Ma non è questo il momento di occuparci di ciò. Ritorniamo al nostro tema e poniamoci le seguenti domande: esistono obiezioni di natura teologico-dottrinale che vietano l’attiva partecipazione dei laici a co-determinare le decisioni nella chiesa ? Esistono dei seri ostacoli per una democratizzazione ecclesiale? La chiesa per sua natura è impossibilitata ad assumere un modello democratico? Ci suggerisce qualcosa il fatto che coloro oggi si oppongono alla partecipazione attiva dei laici alle decisioni nella chiesa utilizzano gli stessi argomenti che usarono i tradizionalisti al concilio per rifiutare la consultazione dei laici e la comune uguaglianza di ogni battezzato nella chiesa ? E questi stessi cattolici (che chiamiamo tradizionalisti) non sono gli stessi cattolici che accettarono nei secoli scorsi senza riserva alcuna l’applicazione alla chiesa del modello monarchico-assolutistico ? Non fu insultato pesantemente dagli ambienti conservatori Leone XIII quando decise di accettare l’organizzazione democratica degli stati moderni dopo i “non possumus” precedenti?

[1^ parte]

7 risposte a “Chi decide nella Chiesa? – 1”

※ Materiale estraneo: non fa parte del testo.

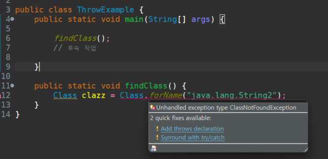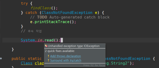 Surround with try/catch 선택 예외를 호출했던 쪽(ClassNotFoundException)으로 다시 떠 넘길 수 있다.
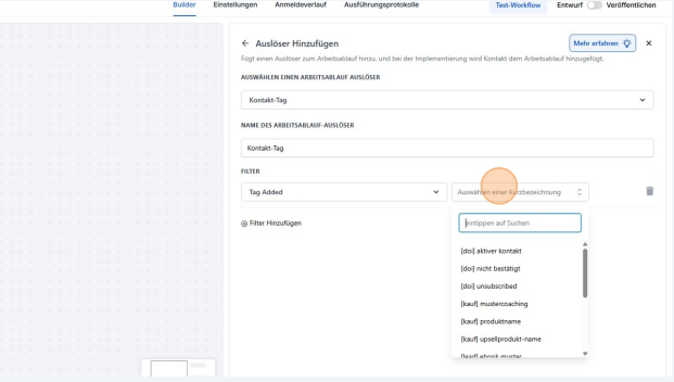 Wähle als Auslöser: „Tag hinzugefügt“.
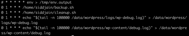 $ cat /tmp/env.output HOME=/home/siddjain LOGNAME=siddjain PATH=/usr/bin:/bin LANG=C.UTF-8 SHELL=/bin/sh PWD=/home/siddjain
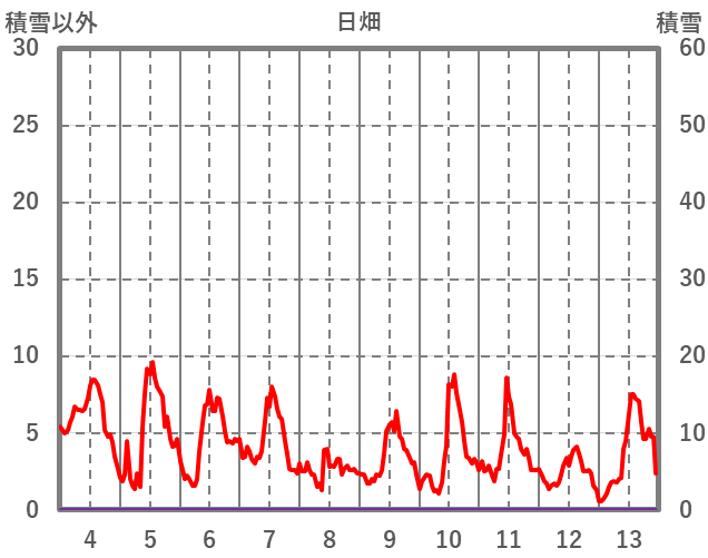 | 日 | 時 | 気温 | 降水 | 風向/風速 | 日照 | 積雪 | 降雪 |

  1. Giulia De Lellis ha detto:

    È scontato che i tradizionalisti siano i conservatori ….
    I progressisti ” falsi” che portano avanti il ruolo dei laici nella fattispecie delle solite/ i preferiti che di fatto riproducono il modello clericale radicale scik….
    Purtroppo non se ne esce .
    La chiesa va purificata più che commentata.

  2. Francesca Vittoria vicentini ha detto:

    Comportamenti adottati in nome di un potere sacro…ecco, fare questa esperienza ancora con l’aggiunta del coronavirus a mascherarlo, è veramente triste, miseria di una chiesa parzialmente decadente, come le erosioni lasciate da frane, solo che non si tratta di montagne ma dello spirito di fedeli, ancorché cristiani. Tutta la attenzione va ala poverta da cibo, ma questa è ancora la piaga più importante, perché una persona che si presenta come medico dell’anima e invece induce a diffidenza la sua Parola non raggiunge il cuore di chi ascolta tanto appare fredda, Queste persone amano il comando, sottomettere e essere verbo, si servono di chi ha dato loro potere spirituale per realizzarne un altroché non è volto ad un prossimo. Triste, vedere l’umiltà costretta a essere sopportata da confratelli perché così è la Regola, Questo accade dentro le mura di una chiesa dove Cristo appare veramente tale nel Crocifisso. Chissà se è il coronavirus a distanziare di più i fedeli !?

  3. salvo Coco ha detto:

    Verrà pubblicata la seconda parte dell’intervento. Chi volesse potrà commentare alla fine. Grazie

  4. Adrian F COMOLLO ha detto:

    Analisi corretta, e se giudichiamo in base ai “frutti”, come ci indica il Maestro, la CCattolica ha ancora attualmente un sistema di governo autoritario, dove chi decide le cose importanti sono i vescovi delle diocesi e il Vaticano. Nei consigli pastorali non ci puo’ essere democrazia se non esiste il voto e parita’ di voto. Finche’ il parroco e’ quello che ha il diritto di decidere, questo si chiama autoritarismo, persino a livello locale. Il Concilio Vaticano II puo’ aver detto buone parole sull’uguaglianza dei Cristiani, ma finche’ queste parole non sono tradotte nelle disposizioni legali del Diritto Canonico, NULLA puo’ cambiare. Che ne dite?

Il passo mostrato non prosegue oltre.